Felicity Jones, actrice

Un petit billet, un lundi - un joli lundi du mois de mai, non d'octobre en fait. Mais avouez, une terrasse, une jolie rivière, des péniches, le soleil, la chaleur .. Difficile de se croire en automne ! Encore plus dur de retourner travailler après une telle pause ;)  Le méchant monsieur Météo m'a dit ce soir que c'était ter-mi-né, que demain les nuages et le froid arrivaient pour chasser définitivement cet été indien.

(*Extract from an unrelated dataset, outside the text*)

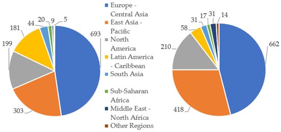 Since 2010, the global agri-food trade fluctuated between USD 14.2 (2010) and 18.0 (2018) billion per year and its share reached almost 10% of the global trade in 2020 [18]. The size of this market highlights the importance of being competitive; therefore, earning higher export revenues. The distribution of export and import is somewhat similar as the first three regions in terms of value are the same: Europe–Central Asia, East Asia–Pacific, and North America (Figure 1). This regional classification follows the system of the World Bank’s World Integrated Trade Solution (WITS). Another remarkable piece of information from the figure is the trade balance of these regions. Latin America is the most significant net exporter of agri-food products (USD +123 billion), while East Asia–Pacific is the most significant net importer among the regions with a USD 115 billion trade deficit. Besides Latin America, Europe–Central Asia, South Asia, and Sub-Saharan Africa have a trade surplus; all the other regions were net importers of agri-food products in 2020.

Je voulais donc partager avec vous ces quelques photos prises ce week-end, où je me suis crue au printemps - il faut dire que l'été fut mousson, le printemps estival, et l'automne comme dans la chanson de Joe.....






J'ai donc investi dans une nouvelle paire de chaussures, car lorsque je porte des chaussures, ça tourne à l'obsession, tous les jours de la semaine, j'achète mes vêtements en fonction de mes chaussures. Mais au bout de six aller-retour chez le cordonnier, elles finissent toutes par rendre l'âme. Aussi, je les paie chères ces foutues godasses, mais je les amortis !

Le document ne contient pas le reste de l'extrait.